The IRT Brooklyn/Eastern Parkway Line was contracted in 1904 as a two-track line under Fulton Street expanding to three tracks under Flatbush Avenue, to end at the Long Island Rail Road terminal under Atlantic Avenue. The Board of Rapid Transit Railroad Commissioners halted work in April 1905 for redesign. By that date, the tunnels had been dug out and steelwork had been installed. Work resumed in October 1905 with two additional tracks added, making four under Fulton Street and five under Flatbush Avenue. The additional trackways were added outside the trackways already set in place.

Under the 1905 redesign, numerous provisions were made for connections to future routes. In the area around the Nevins Street station, which was partially constructed as a local station on a three track subway, a new lower level was added underpinning the structure that had been built. The lower level had one trackway and platform in the station, with two connections on each side, all built at great cost under existing work, but none of it was ever used.

In 1920, a project to extend the platforms at the station from  to  to accommodate ten-car trains was completed.

In the 1950s, a derailment occurred on the curve north of the station. This derailment prompted the installation of grade timer signals.

In 1981, the Metropolitan Transportation Authority listed the station among the 69 most deteriorated stations in the subway system.

Station layout 

The station has two island platforms, situated between the express and local tracks in each direction. A fifth track once existed between the two express tracks. The fifth track was removed in 1956. Original plans called for this to be a local station on a three-track line, but before it opened the two outer local tracks were added. Fare control is in an upper mezzanine, with a crossunder via part of an unused lower-level platform. Next to this platform is a single unused trackway under the southbound local track.

The underpass between the main platforms is the only portion of the lower level that has ever been used. Because the station was designed as a local station with side platforms, it is too close to street level for a mezzanine over the tracks. The stairs up lead to two separate fare control mezzanines located over the platforms only, with stairs up to the street. The only way between platforms inside the station is the underpass.

In the station is a "Nevins St." mosaic. The mezzanine walls feature a mosaic frieze by Anton von Dalen, installed in 1997 and entitled Work & Nature. The mosaic is 14 inches by 83 feet along both walls of the mezzanine. The work is in the tones of soft blue, green, and ochre, like the original platform mosaics. It features stenciled silhouettes in black of a woman operating a sewing machine, a mother taking care of a child, a man planting a tree, an architect reading a blueprint, a female executive addressing a meeting, and famous musician Furry Lewis. All of these characters symbolize, according to the artist, "pride, dignity, and beauty surrounding all work".

Exits
The station has two exits to each side of Flatbush Avenue east of Nevins Street. The northeastern side's entrances lead to the northbound platform while the southwestern side's entrances lead to the southbound platform.

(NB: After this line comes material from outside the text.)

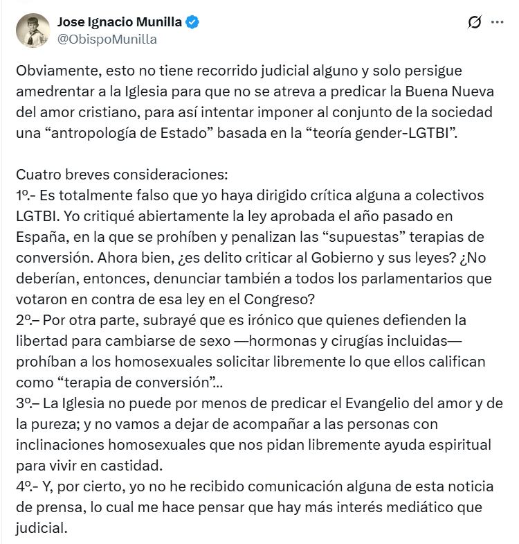 A través de la red social X, el obispo Munilla ha opinando que "obviamente esto no tiene recorrido judicial alguno y solo persigue amedrentar a la Iglesia para que no se atreva a predicar la Buena Nueva del amor cristiano, para así intentar imponer al conjunto de la sociedad una 'antropología de Estado' basada en la “teoría gender-LGTBI”.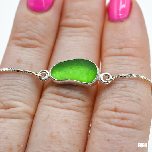 Adjustable green sea glass bracelet

Provisions for other lines
This unused trackway was part of several plans for connecting the line to other proposed lines. At its north end, this trackway splits from the southbound local track just south of Hoyt Street, and starts heading downgrade. The track was never laid. At the curve in the subway from Fulton Street to Flatbush Avenue, the trackway curves under the southbound local track, and is joined by another unused trackway heading north along Flatbush Avenue for a proposed Manhattan Bridge connection (which was later built for the BMT, though this connection may have still been planned when that line was built, as the DeKalb Avenue station was designed to allow for it). After the lower Nevins Street platform, a trackway splits to the east for a subway under Lafayette Avenue; this was later built as part of the IND Fulton Street and Crosstown Lines. Just beyond this split, at Lafayette Avenue, the trackway was cut by the IND when the IND was built from 1929 to 1937. On the other side, it rises again to merge with the southbound local track in the midst of the complicated switch layout just north of Atlantic Avenue – Barclays Center. Between this merge and Atlantic Avenue is another unused trackway, splitting from the local track towards a subway under Fourth Avenue (later built as the BMT Fourth Avenue Line). This trackway and another trackway (both built for the same proposed subway) end at the same level, under Fourth Avenue, just west of the Pacific Street station on the current BMT Fourth Avenue Line and a few feet higher.

On the northbound side, the connection provided by the lower level trackway would have been along the northbound local track (which was not in the original plans). The trackway on this side begins by curving from Fourth Avenue under the line. The place it used to rise is covered, as the trackway beyond that point is now used for the northbound local track. The ramp was covered in July 1963, and was made into a level trackway. This ramp was supposed to be northbound trackway of the proposed IRT Fourth Avenue Subway (before the BRT/BMT was built). The northbound local and express tracks were rearranged by November 1963.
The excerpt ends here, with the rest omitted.